Causal Insights for Learning Paths in Education

In this competition, participants will address two fundamental causal challenges in machine learning in the context of education using time-series data. The first is to identify the causal relationships between different constructs, where a construct is defined as the smallest element of learning. The second challenge is to predict the impact of learning one construct on the ability to answer questions on other constructs. Addressing these challenges will enable optimisation of students' knowledge acquisition, which can be deployed in a real edtech solution impacting millions of students.
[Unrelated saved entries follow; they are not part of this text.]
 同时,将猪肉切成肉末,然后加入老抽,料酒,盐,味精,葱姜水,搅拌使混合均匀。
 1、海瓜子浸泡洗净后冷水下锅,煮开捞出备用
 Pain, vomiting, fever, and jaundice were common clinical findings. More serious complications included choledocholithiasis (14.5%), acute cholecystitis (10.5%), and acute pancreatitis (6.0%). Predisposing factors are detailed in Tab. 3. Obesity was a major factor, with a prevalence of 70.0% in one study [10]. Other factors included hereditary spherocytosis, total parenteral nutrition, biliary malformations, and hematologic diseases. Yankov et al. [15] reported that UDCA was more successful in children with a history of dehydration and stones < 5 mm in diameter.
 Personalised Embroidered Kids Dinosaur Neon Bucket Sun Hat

Participants will run these tasks in an idealised environment with synthetic data and a real-world scenario with evaluation data collected from a series of A/B tests.

Enter now on the competition website!


Tasks

Task 1: Relationship discovery for constructs over time using synthetic time-series data

Task 2: Teaching effectiveness inference using synthetic time-series data

Task 3: Relationship discovery for constructs over time using real-world time-series data

Task 4: Teaching effectiveness inference using real-world time-series data


Team

Craig Barton is the Head of Education at Eedi.
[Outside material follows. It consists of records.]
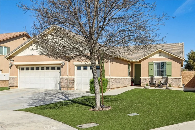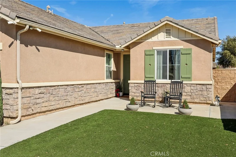 Welcome to Menifee Hills—where space, upgrades, and flexibility come together in one beautifully designed cul-de-sac home. Situated at the end of a quiet cul-de-sac, this beautifully upgraded 3 bedroom, 3 bathroom + office home offers approximately 2,030 sqft of living space with a highly desirable, open-concept floor plan that lives larger than expected. Enjoy added privacy, reduced traffic, and a safer space for kids and pets to play. Need more bedrooms? The dedicated office can easily function as a 4th bedroom, and the spacious primary retreat offers potential for a 5th bedroom conversion—ideal for multigenerational living, remote work, or growing families. The gourmet island kitchen is the heart of the home, featuring stainless steel appliances, beautiful cabinetry, a breakfast bar for casual dining, and a generous walk-in pantry. It opens to a giant living room —creating the perfect space for entertaining or relaxing at the end of the day. The private primary suite offers a large walk-in closet, dual sinks, an oversized soaking tub, and a separate walk-in shower. Additional highlights include laminate wood flooring, granite counters, raised panel doors, recessed lighting, custom window coverings, and an indoor laundry room. Step outside to a spacious backyard with zero maintenance artificial turf, room to run and play, and plenty of space to design your dream pool or outdoor kitchen. The oversized 3-car garage comfortably accommodates any size vehicle with extra storage space. Located near community parks, walking trails, shopping, schools, Menifee Lakes Country Club, golf course, and convenient freeway access—this home combines comfort, flexibility, and location. End-of-cul-de-sac privacy. Flexible living space. Thoughtful upgrades. Prime Menifee location.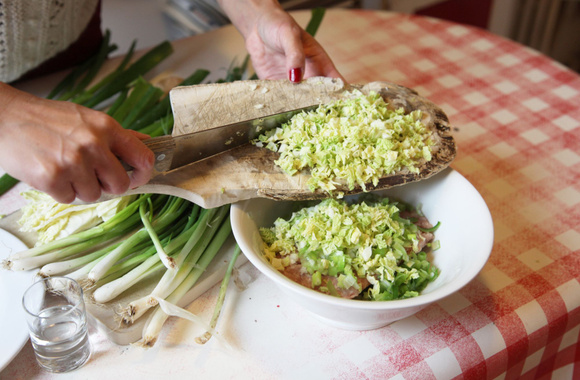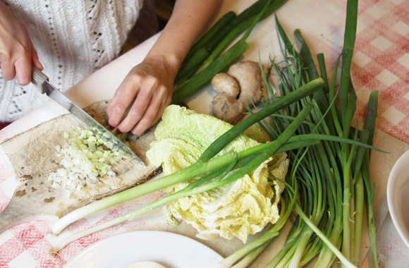 1Emincez la ciboulette, les feuilles de chou et le gingembre.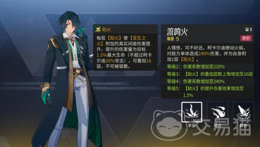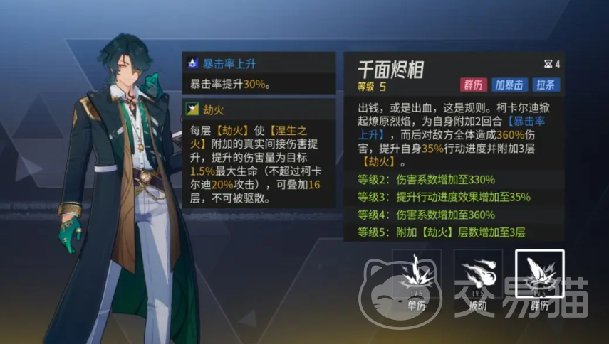 由此可见,柯卡尔的普攻不仅具备可观输出能力,还能通过被动机制实现自我强化。而在面对多个敌人时,他的终结技千面烬相则展现出强大的群体打击能力。释放后可对全体敌方单位造成360%的范围伤害,同时提升自身35%的行动进度,并额外获得三层劫火。此外,技能还会使自身的暴击率提升,增益效果可持续两个回合,使其后续输出更加稳定高效。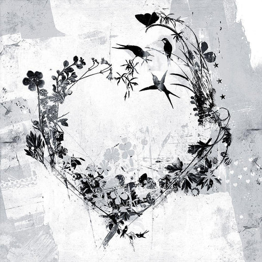 Floral Heart White Modern Wood Framed Art Print with Double Matting by Albers, Teis

Wenbo Gong is a Researcher at the Machine intelligence group at Microsoft Research Cambridge (MSRC), UK.

Nick Pawlowski is a Senior Researcher at the Machine intelligence  group at Microsoft Research Cambridge (MSRC), UK.

Digory Smith is a Data Scientist at Eedi.

Zichao Wang is a Ph.D. student in Electrical and Computer Engineering at Rice University.

Joel Jennings is a Senior Researcher at the Machine intelligence group at Microsoft Research Cambridge (MSRC), UK.

Simon Woodhead is Head of Research at Eedi.

Cheng Zhang is a Principal Researcher at the Machine intelligence group at Microsoft Research Cambridge (MSRC), UK.

Incentives

Eedi will provide a $5,000 cash prize for the competition. There will be $1,000 prizes awarded to the winning team for each task. In addition, a $1,000 prize for the overall winner across all tasks.

Schedule

June 27, 2022: Tasks 1 and 2 released.
July 27, 2022: Tasks 3 and 4 released.
October 15, 2022: Final submission deadline for all tasks.
November 15, 2022: Results announced, private leaderboards revealed, prize-winners notified.

Submissions will be automatically evaluated on all tasks at time of submission. There is no live/demonstration component to the competition.

A submission website will be released at the start of the competition.